Baardskeerdersbos is located 20 km east of Gansbaai on the Gansbaai–Elim–Bredasdorp road. It lies on the southern slopes of a mountain called Perdekop ("Horse Hill"), at the base of the Boskloof ("Forest Gorge") through which a small river flows south off the mountain. Just south of the village the Boesmansrivier ("Bushman's River") flows from east to west; the Boskloof stream flows into this river.

==History==
The first reference to this area by Europeans dates to 1660, when Jan van Riebeek sent an expedition to explore the Overberg. The farm "Baarscheerders Bosch" number 213 in the Bredasdorp registration district, which included the village and the surrounding farmland and hillside, was surveyed for a Phillip Fourie Senior in 1831; that original farm has since been subdivided considerably into separate farms, smallholdings and plots. The current church in Baardskeerdersbos was built in 1921 and is a National Monument.

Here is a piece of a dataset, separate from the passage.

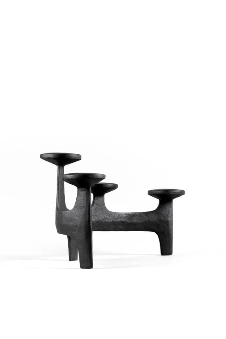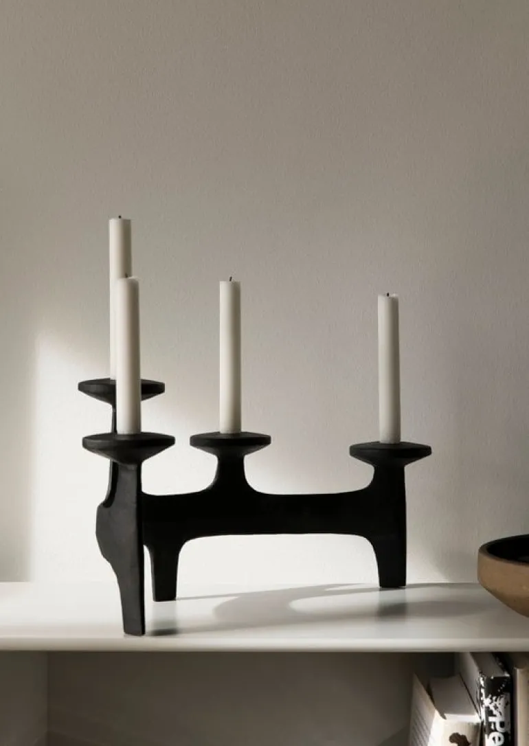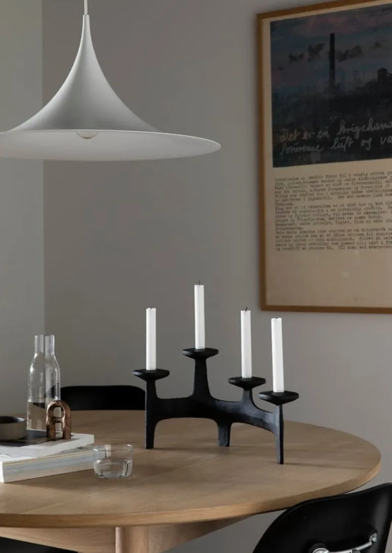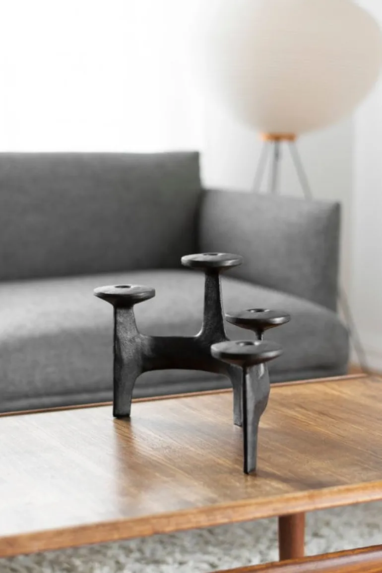 Kandelabern Nunatak, från Nedre Foss, kommer garanterat att skapa en festlig stämning vid olika tillfällen. Den fyrarmade kandelabern är tillverkad av stabilt gjutjärn och är designad av det norska designbolaget Anderssen & Voll. Den arkitektoniska, men ändå organiska formen kan uppfattas som en grupp med torn eller som de unika formerna av hjorthorn, beroende på betraktarens öga. Namnet på kandelabern kommer från Nordens naturlandskap – Nunatak syftar till en kulle eller ett berg omringat av glaciäris. Välj dina favoritljus av avsmalnande modell och låt det milda skenet förgylla ditt middagsbord eller vardagsrumsbord.

For a long time the village remained rural and undisturbed, but recently it has been discovered as a quiet getaway particularly for residents of Cape Town; several new houses have been built, and several more renovated.

==Name==
The name "Baardskeerdersbos" in Afrikaans or "Baardscheerders Bosch" in the original Dutch literally means "Beard Shaver's Forest". The accepted explanation for this name is that a species of solifuge inhabits the area, and that this arachnid is referred to as a "beard shaver" because it cuts hair to use for nest-building. The well-known cartographer and writer Peter Slingsby wrote a book entitled "Beard Shaver’s Bush: Place Names in the Cape" (ISBN 0-620-24965-X) which discusses the origin of this and many other place names.